Way to completely miss the point.


----------



## Pseudo (Apr 25, 2011)

Hasn't Hollywood learned from their past mistakes? This thing will more than likely fail.


----------



## CrazyMoronX (Apr 25, 2011)

Explain to us what it was supposed to be then? 

Better yet, I'll save you the effort.

Some esoteric boreshitfest is what it is. Who cares? It was boring. I didn't like it at all myself.


----------



## Parallax (Apr 25, 2011)

then again you like bad movies


----------



## CrazyMoronX (Apr 25, 2011)

Name 5 bad movies I like and maybe I will concede.


----------



## Adonis (Apr 25, 2011)

A society creates slave-robots with super-strength and for some reason decide giving them false memories and unique faces is good logistics. Then, when these robots start raging, the solution doesn't take the easy route of going back to the drawing board and installing fail-safes/reversing retarded design choices. No, the solution is much more roundabout: 1) develop a voluntary Turing test that a raging super-robot wouldn't consent to and 2) form a special police division to apprehend these robots.

It's like designing a toaster that inexplicably bursts into flames and deciding, "Hmmm, better form a special RAGING INFERNO TOASTER fire department that deals solely with this issue rather than, you know, not designing toasters to explode." The future is efficient.


----------



## Lamb (Apr 25, 2011)

Adonis said:


> A society creates slave-robots with super-strength and for some reason decide giving them false memories and unique faces is good logistics.
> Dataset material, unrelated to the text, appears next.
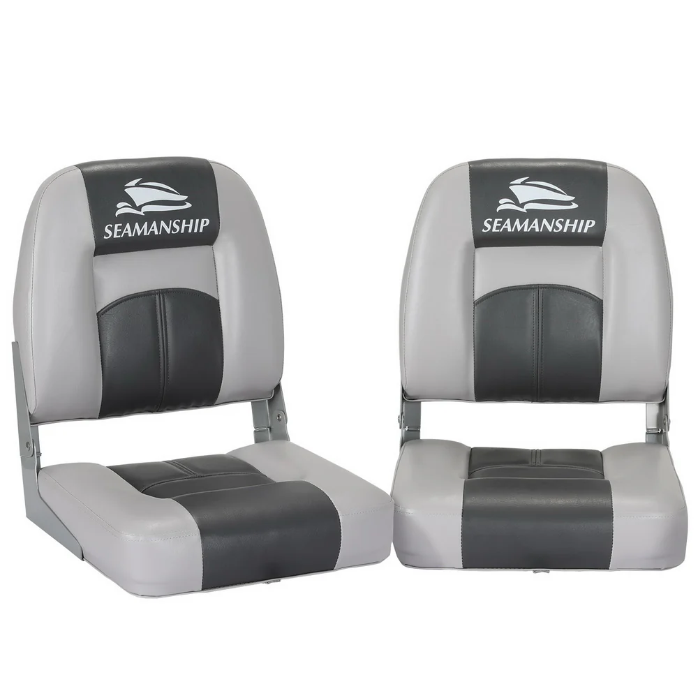 Seamanship 2X Folding Boat Seats Marine Seat Swivel High Back 12cm Padding

Then, when these robots start raging, the solution doesn't take the easy route of going back to the drawing board and installing fail-safes/reversing retarded design choices. No, the solution is much more roundabout: 1) develop a voluntary Turing test that a raging super-robot wouldn't consent to and 2) form a special police division to apprehend these robots.
> 
> It's like designing a toaster that inexplicably bursts into flames and deciding, "Hmmm, better form a special RAGING INFERNO TOASTER fire department that deals solely with this issue rather than, you know, not designing toasters to explode." The future is efficient.



What?

First, the society didn't give all robots false memories, one scientist gave one robot the memory of his granddaughter, to see if he could create a robot that could pass an empathy test, believing that genuine human emotion stems from and is created by long-term memory. He fails.
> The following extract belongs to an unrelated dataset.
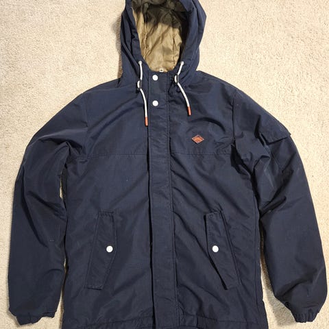 J&J:n takki, toisessa olkapäässä pieni repeämä.

Second, they explain that the androids are given unique bodies and build based on the type of robot and the tasks the robot is meant carry out. The human look and somewhat human personality was meant to make it easier for the humans to interact with the machines, which worked, but at the same time created a lot of animosity due to human's need to illustrate how they are better than the androids through the fact that everything about the androids is synthetic, whereas the humans have genuine emotions and personalities. This leads to a violent robot rebellion which is unsuccessful and leads to all humanoid androids being forced to work as slaves on the Mars colony.

Third, the androids do have a massive fail safe. No android lives longer that 4 years.

Now, since you've realized how wrong your explanation is, I'll point out that almost all of this stuff is explained within the first 30 seconds of the film.


----------



## Adonis (Apr 25, 2011)

Lamb said:


> What?
> 
> First, the society didn't give all robots false memories, one scientist gave one robot the memory of his granddaughter, to see if he could create a robot that could pass an empathy test, believing that genuine human emotion stems from and is created by long-term memory. He fails.



Alright, it's been a while.



> Second, they explain that the androids are given unique bodies and build based on the type of robot and the tasks the robot is meant carry out. The human look and somewhat human personality was meant to make it easier for the humans to interact with the machines, which worked, but at the same time created a lot of animosity due to human's need to illustrate how they are better than the androids through the fact that everything about the androids is synthetic, whereas the humans have genuine emotions and personalities. This leads to a violent robot rebellion which is unsuccessful and leads to all humanoid androids being forced to work as slaves on the Mars colony.



What could possibly go wrong giving machines designed for menial labor identities? The benefit of making the robots relatable is vastly outweighed by the risks. And if it's a must, you can accomplish a personable robot without making them perfect simacularums of humanity (even humans can lack affect). Why make them superficially indistinguishable from people and give them unique faces to boot with no obvious observable means of identifying them as killer death bots?



> Third, the androids do have a massive fail safe. No android lives longer that 4 years.



I was thinking something a little more instaneous like a killswitch. A plan that boils down to, we can either send couple beat cops (one of whom may or may not be a replicant without the benefit of robot strength) or "wait 'em out" is a shitty plan.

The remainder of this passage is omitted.